Activity →
Skip the pictures. Set down, word for word, the lines from the start of the material up to and including the line with "Purple Wave is".
***** Given data *****
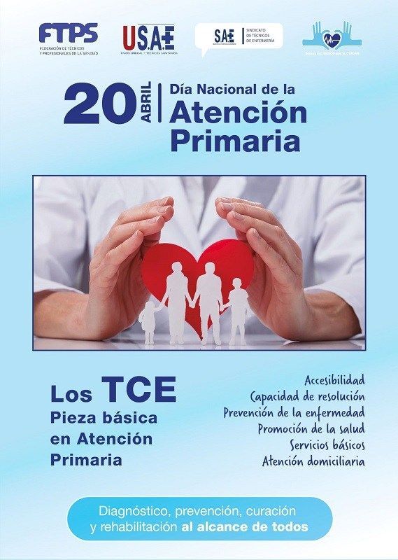 Con motivo del Día Nacional de la Atención Primaria, hemos distribuido un cartel por los centros de salud, destacando el papel de nuestro colectivo en este nivel asistencial, donde participamos como apoyo en las funciones realizadas por el resto del personal sanitario, en la elaboración del diagnóstico de salud, o en la planificación, organización y evaluación de los programas, como el de Educación para la Salud, tanto en el ámbito ambulatorio como en la atención domiciliaria; pero también, dentro de estos equipos, los TCE colaboramos en la prevención de la enfermedad o en la promoción de la salud, así como en la atención a los pacientes y en la aplicación de tratamientos y rehabilitación de las secuelas dejadas por la enfermedad. Además, somos un colectivo esencial en la atención al enfermo crónico y, con una población cada vez más envejecida, estas patologías aumentan día a día, convirtiéndonos en los profesionales más importantes en su atención.
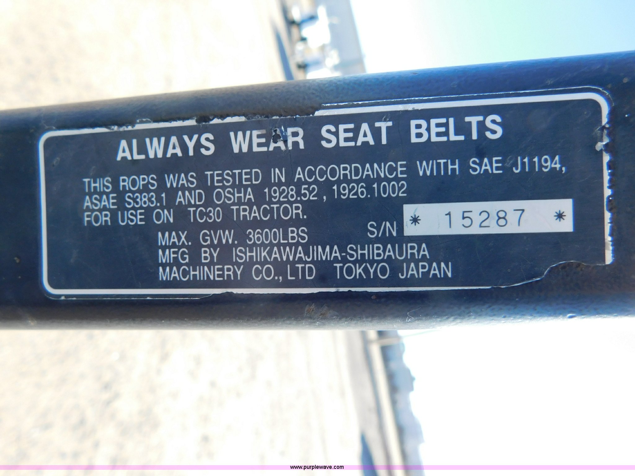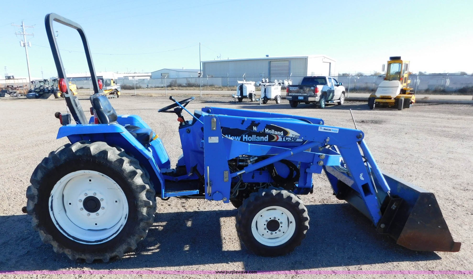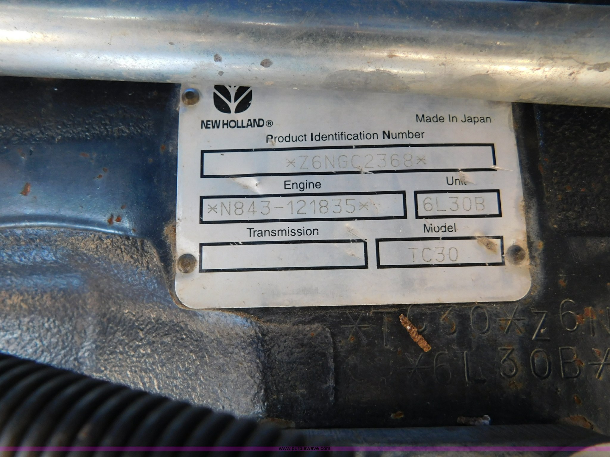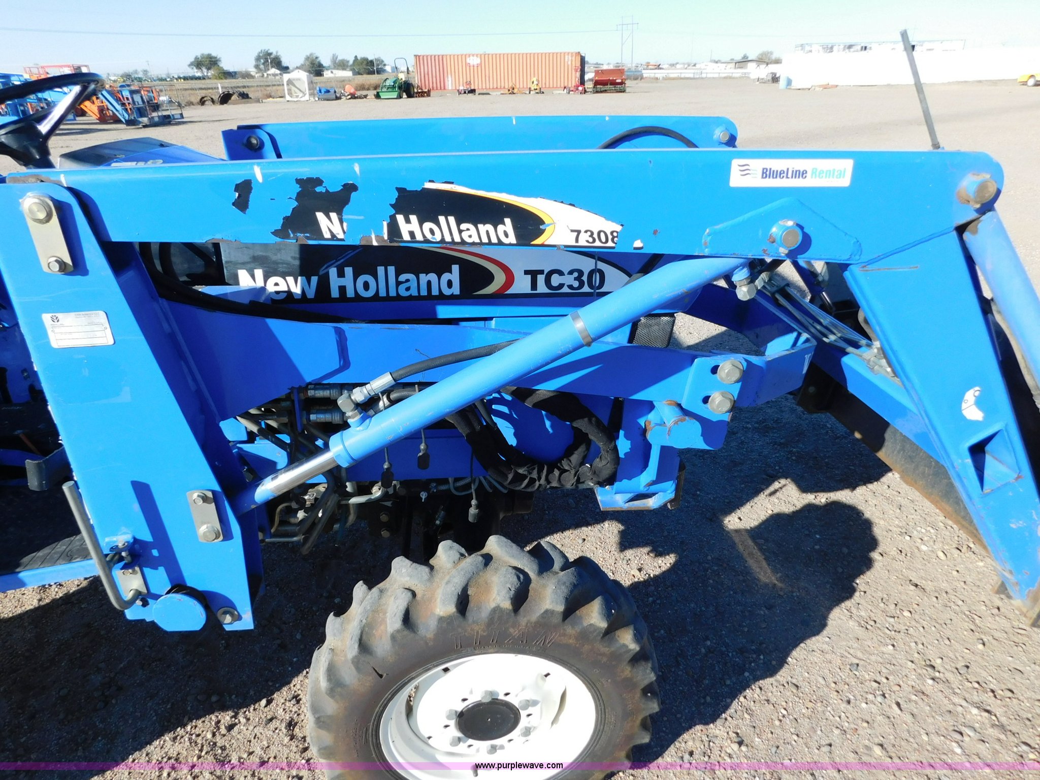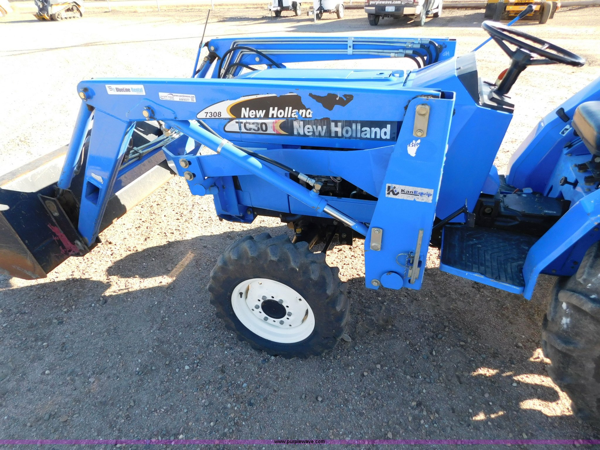 Purple Wave is selling a used Tractor in Kansas. This item is a 2011 New Holland TC30 MFWD tractor with the following: 1,531 hours on meter, Shibaura N843 1.496L three cylinder diesel engine, 30 HP, Serial 121835, Three range hydrostatic transmission, Suspension seat, New Holland 7308 loader, 60"W bucket, Quick attach, Joystick controls, Serial Y7B190444, Three point, Top link, 540 PTO, Mid PTO, Rear hydraulic remote set, Undercarriage tie down hook, 7-14 front tires, 11.2-24 rear tires, Paint damage, Front left tire cut, Left side fender damage, Serial Z6NGC2368
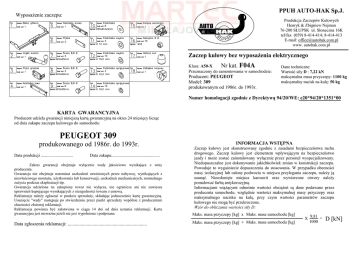 PPUH AUTO-HAK Sp.J. WyposaŜenie zaczepu: Produkcja Zaczepów Kulowych Henryk & Zbigniew Nejman 76-200 SŁUPSK ul. Słoneczna 16K tel/fax (059) 8-414-414; 8-414-413 E-mail: [email protected] www. autohak.com.pl Zaczep kulowy bez wyposaŜenia elektrycznego F04A Klasa: A50-X Nr kat. Przeznaczony do zamontowania w samochodzie: Producent: PEUGEOT Model: 309 produkowanym od 1986r. do 1993r. Dane techniczne: Wartość siły D : 7,22 kN maksymalna masa przyczepy: 1100 kg maksymalny nacisk na kulę: 50 kg Numer homologacji zgodnie z Dyrektywą 94/20/WE: e20*94/20*1351*00 KARTA GWARANCYJNA Producent udziela gwarancji niniejszą kartą gwarancyjną na okres 24 miesięcy licząc od dnia zakupu zaczepu kulowego do samochodu: PEUGEOT 309 produkowanego od 1986r. do 1993r. Data produkcji .............................. Data zakupu............................................. INFORMACJA WSTĘPNA Zaczep kulowy jest skonstruowany zgodnie z zasadami bezpieczeństwa ruchu drogowego. Zaczep kulowy jest elementem wpływającym na bezpieczeństwo jazdy i moŜe zostać zainstalowany wyłącznie przez personel wyspecjalizowany. Niedopuszczalne jest dokonywanie jakichkolwiek zmian w konstrukcji zaczepu. Powoduje to wygaśniecie dopuszczenia do stosowania. W przypadku obecności masy izolacyjnej lub osłony podwozia w miejscu przylegania zaczepu, naleŜy ją usunąć. Nieosłonięte miejsca karoserii oraz wywiercone otwory naleŜy pomalować farbą antykorozyjną. Informacjami wiąŜącymi odnośnie wartości obciąŜeń są dane podawane przez producenta samochodu, względnie wartości maksymalnej masy przyczepy oraz maksymalnego nacisku na kulę, przy czym wartości parametrów zaczepu kulowego nie mogą być przekroczone. Wzór do obliczania wartości siły D: Zakres gwarancji obejmuje wyłącznie wady jakościowe wynikające z winy producenta. Gwarancja nie obejmuje natomiast uszkodzeń zawinionych przez nabywcę, wynikających z niewłaściwego montaŜu, uŜytkowania lub konserwacji, uszkodzeń mechanicznych, normalnego zuŜycia podczas eksploatacji itp. Gwarancja udzielona na zakupiony towar nie wyłącza, nie ogranicza ani nie zawiesza uprawnień kupującego wynikających z niezgodności towaru z umową. Reklamacje naleŜy zgłaszać w punkcie sprzedaŜy, składając jednocześnie kartę gwarancyjną. Usunięcie "wady" następuje po stwierdzeniu przez punkt sprzedaŜy wspólnie z producentem słuszności złoŜonej reklamacji. Reklamacja powinna być załatwiona w ciągu 14 dni od dnia uznania reklamacji. Karta gwarancyjna jest niewaŜna jeŜeli nie jest wypełniona i podpisana. Maks. masa przyczepy [kg] x Maks. masa samochodu [kg] Data zgłoszenia reklamacji: ................................................................... Maks. masa przyczepy [kg] + Maks. masa samochodu [kg] X 9,81 = 1000 D [kN] Kolejność czynności przy montaŜu INSTRUKCJA montaŜu i eksploatacji zaczepu kulowego Oznaczenie zacisku wg ISO PN 1 L 2 + 3 31 4 R 5 58R 6 54 7 58L 1. 2. B Łączenie przewodów 3. C Kierunkowskazy lewe Tylne światła przeciwmgłowe Masa Kierunkowskazy prawe Światła pozycyjne prawe Światła hamowania Światła pozycyjne lewe 8 5 10 4. 9 5. 6. A 7. D 9 9 8. 9. 7 4 W celu zamontowania zaczepu naleŜy zdemontować zderzak. Roznitować od karoserii uchwyty podtrzymujące zderzak (3 szt.) oraz odkręcić odsłonę Ŝaroodporną tylnego tłumika. Z lewej i prawej strony przyłoŜyć do podłuŜnicy samochodu wsporniki (poz. 4 i 5), tak aby podłuŜny otwór wspornika nałoŜył się na wystający z podłogi plastikowy kołek, a następnie poprzez otwory (poz. A, B, C) wywiercić otwory wiertłem ø11mm. Poprzez otwór (poz. C) wspornika (poz. 5) oraz odpowiedni otwór i poprzez podkładkę okrągłą (poz. 10) skręcić śrubą M10x30mm (poz.9). PrzyłoŜyć belkę główną zaczepu (poz. 1) do umocowanych juŜ wsporników (poz. 4 i 5) i poprzez otwory (poz. A i B) oraz płytki (poz. 6) skręcić z podłuŜnicą śrubami M10x50mm (poz. 8) z wyposaŜenia zaczepu. Poprzez otwory zaczepu (poz. D) przewiercić otwory wiertłem ø11mm, a następnie skręcić śrubami M10x30mm – poz. 9 (wykorzystać podkładki ø35xø12x3mm – poz. 10). Przykręcić korpus automatu (poz. 15) śrubami M12x25mm (poz. 7) wraz z blachą pod gniazdo (poz. 3). Zamocować kulę zgodnie z instrukcją dołączaną do zaczepu z końcówką szybkodemontowalną. Dokręcić wszystkie śruby z momentem, jak pokazano w tabeli. W centralnym punkcie zderzaka wyciąć od spodu fragment o wymiarach 50x70 jak pokazano na rysunku. 80 Wyciąć 1 6 8 3 Rys. 1 15 2 Zaczep kulowy przeznaczony jest do zamontowania w samochodzie: PEUGEOT 309, produkowanym od 1986r. do 1993r., numer katalogowy F04A i słuŜy do ciągnięcia przyczep o masie całkowitej do 1100 kg i nacisku na kulę max 50 kg. OD PRODUCENTA Dziękujemy za wybór produkowanego przez naszą firmę zaczepu kulowego. Jego niezawodność została potwierdzona licznymi testami oraz opiniami zadowolonych klientów. JednakŜe niezawodność zaczepów kulowych jest zaleŜna równieŜ od prawidłowego montaŜu oraz prawidłowej eksploatacji. Z tego powodu prosimy Państwa o staranne przeczytanie niniejszej instrukcji montaŜu oraz przestrzeganie zawartych wskazówek. Zaczep naleŜy zamontować w miejscach do tego celu przeznaczonych przez producenta samochodu. Rys. 2 10. Zamontować osłonę Ŝaroodporną tłumika oraz zderzak. 11. W roznitowanych uprzednio od karoserii uchwytach naleŜy rozwiercić górny otwór wiertłem ø11mm i tak przygotowany przykręcić do zaczepu poprzez otwory zaczepu (poz. A), a następnie skręcić ze zderzakiem jak było pierwotnie. 12. Podłączyć przewody z gniazdka 7- bieg. do instalacji elektrycznej zgodnie z instrukcją fabryczną samochodu (zaleca się wykonanie w ASO). 13. Uzupełnić ewentualne ubytki powłoki malarskiej zaczepu powstałe w trakcie montaŜu. Zalecany moment skręcający dla śrub i nakrętek 8,8: M6 - 11 Nm M8 - 25 Nm M10 - 50 Nm M12 - 87 Nm M14
*****
Final answer →
 Con motivo del Día Nacional de la Atención Primaria, hemos distribuido un cartel por los centros de salud, destacando el papel de nuestro colectivo en este nivel asistencial, donde participamos como apoyo en las funciones realizadas por el resto del personal sanitario, en la elaboración del diagnóstico de salud, o en la planificación, organización y evaluación de los programas, como el de Educación para la Salud, tanto en el ámbito ambulatorio como en la atención domiciliaria; pero también, dentro de estos equipos, los TCE colaboramos en la prevención de la enfermedad o en la promoción de la salud, así como en la atención a los pacientes y en la aplicación de tratamientos y rehabilitación de las secuelas dejadas por la enfermedad. Además, somos un colectivo esencial en la atención al enfermo crónico y, con una población cada vez más envejecida, estas patologías aumentan día a día, convirtiéndonos en los profesionales más importantes en su atención.
 Purple Wave is selling a used Tractor in Kansas. This item is a 2011 New Holland TC30 MFWD tractor with the following: 1,531 hours on meter, Shibaura N843 1.496L three cylinder diesel engine, 30 HP, Serial 121835, Three range hydrostatic transmission, Suspension seat, New Holland 7308 loader, 60"W bucket, Quick attach, Joystick controls, Serial Y7B190444, Three point, Top link, 540 PTO, Mid PTO, Rear hydraulic remote set, Undercarriage tie down hook, 7-14 front tires, 11.2-24 rear tires, Paint damage, Front left tire cut, Left side fender damage, Serial Z6NGC2368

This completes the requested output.